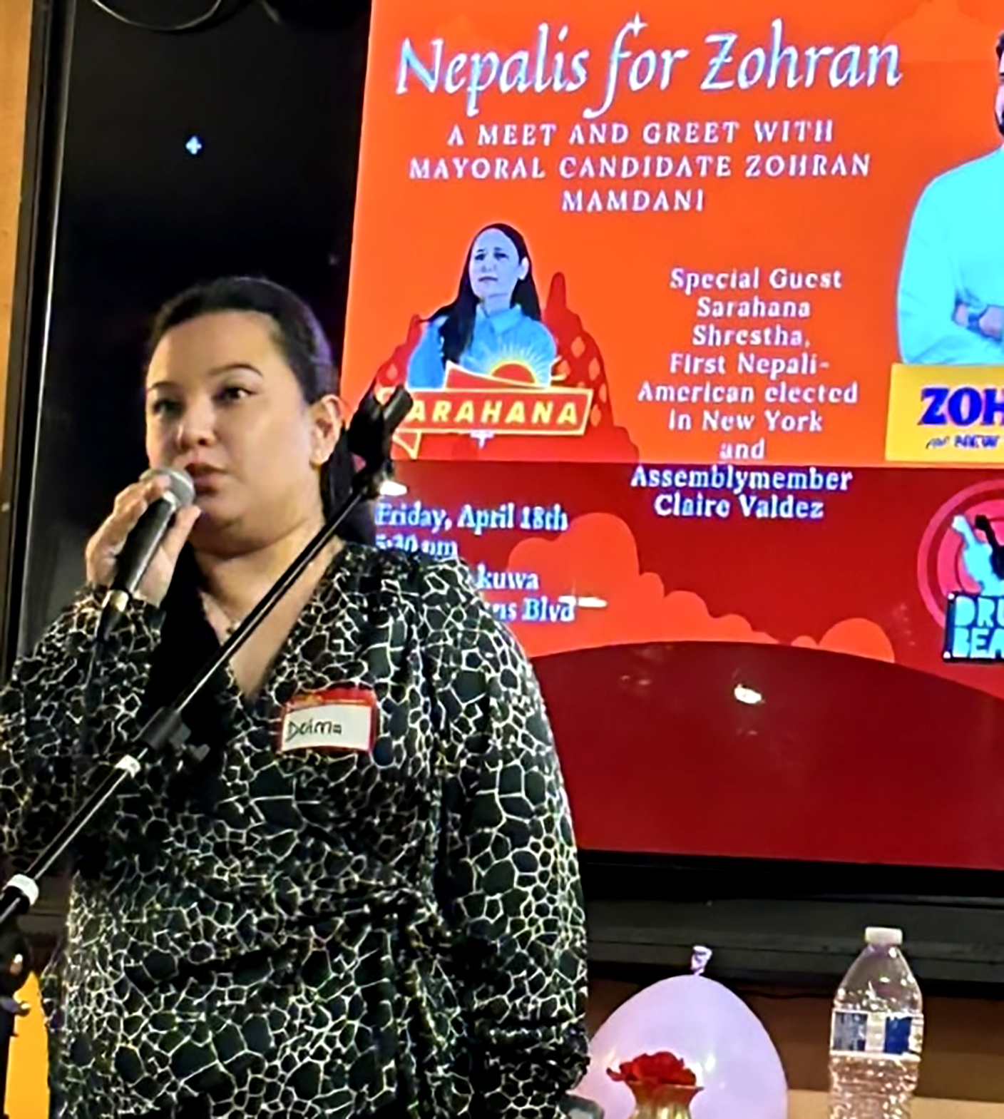 कम्युनिटी एक्टिभिस्ट श्रेया तुलाधारले पछिल्लो दशक न्यु योर्क सिटीमा नेपाली समुदायको संख्या २५० प्रतिशतले बढेको उल्लेख गर्दै उनीहरूले आफ्नो आवाज उठाउनु जरुरी रहेको बताइन्। ‘हामीलाई हाउजिङ सेफ्टी, एजुकेशनका लागि संघर्ष गने नेतृत्व चाहिन्छ,’ उनले भनिन्, ‘हामीलाइ हाम्रो पक्षमा काम गर्ने मेयर चाहिन्छ।’
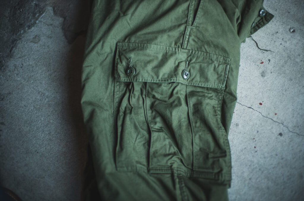 Bushといえば、その名の通り“茂み(Bush)”の中を歩く際に小枝などに引っかからないよう考えられた、フラップ付きのポケットが特徴。
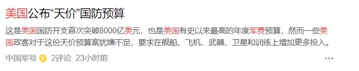 8133亿美元的军费给中国,一年一个美军不是什么问题
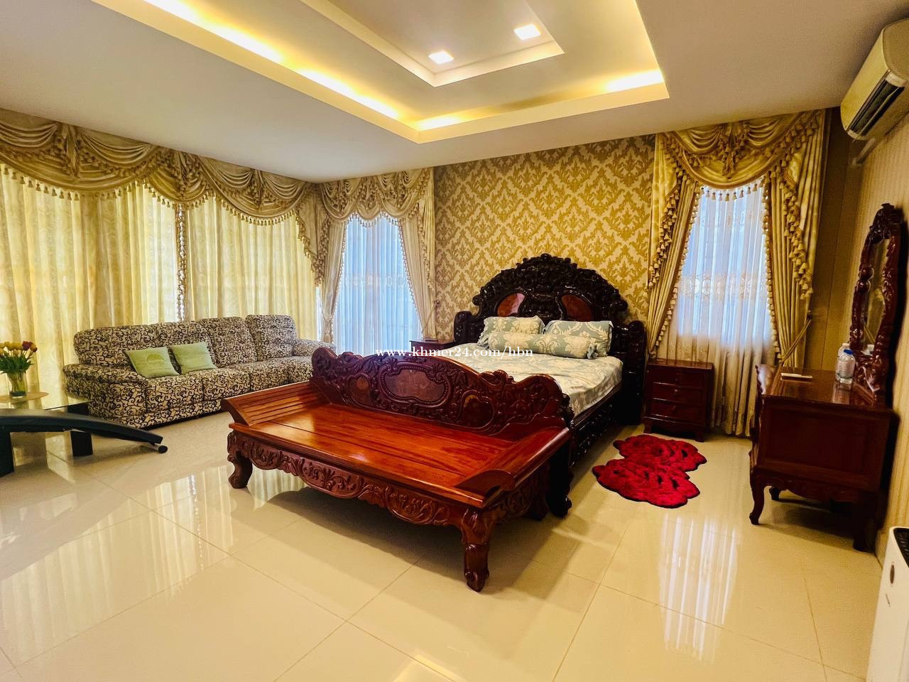 -វីឡាឃ្វីន សម្រាប់ជួល | Queen Villa For Rent -តម្លៃជួល | Rent price : 6,000$ -ទំហំផ្ទះ | Home size : 12m x 12m -ទំហំដី | Land size : 18m x 24m -បន្ទប់គេង | Bedrooms : 5 -បន្ទប់ទឹក | Bathrooms : 6 -សម្ភារៈពេញ | Fully Finished -បែរទិសជើង | North -ទីតាំង | Location: បុរីប៉េងហួតបឹងស្នោរ សង្កាត់និរោន៍ ខណ្ឌច្បារអំពៅ

* **TASK DIRECTIONS**: Nothing but an exact copy of the data, without its images, should make up your answer.

* **SOLUTION FOR THIS EXERCISE**:
 कम्युनिटी एक्टिभिस्ट श्रेया तुलाधारले पछिल्लो दशक न्यु योर्क सिटीमा नेपाली समुदायको संख्या २५० प्रतिशतले बढेको उल्लेख गर्दै उनीहरूले आफ्नो आवाज उठाउनु जरुरी रहेको बताइन्। ‘हामीलाई हाउजिङ सेफ्टी, एजुकेशनका लागि संघर्ष गने नेतृत्व चाहिन्छ,’ उनले भनिन्, ‘हामीलाइ हाम्रो पक्षमा काम गर्ने मेयर चाहिन्छ।’
 Bushといえば、その名の通り“茂み(Bush)”の中を歩く際に小枝などに引っかからないよう考えられた、フラップ付きのポケットが特徴。
 8133亿美元的军费给中国,一年一个美军不是什么问题
 -វីឡាឃ្វីន សម្រាប់ជួល | Queen Villa For Rent -តម្លៃជួល | Rent price : 6,000$ -ទំហំផ្ទះ | Home size : 12m x 12m -ទំហំដី | Land size : 18m x 24m -បន្ទប់គេង | Bedrooms : 5 -បន្ទប់ទឹក | Bathrooms : 6 -សម្ភារៈពេញ | Fully Finished -បែរទិសជើង | North -ទីតាំង | Location: បុរីប៉េងហួតបឹងស្នោរ សង្កាត់និរោន៍ ខណ្ឌច្បារអំពៅ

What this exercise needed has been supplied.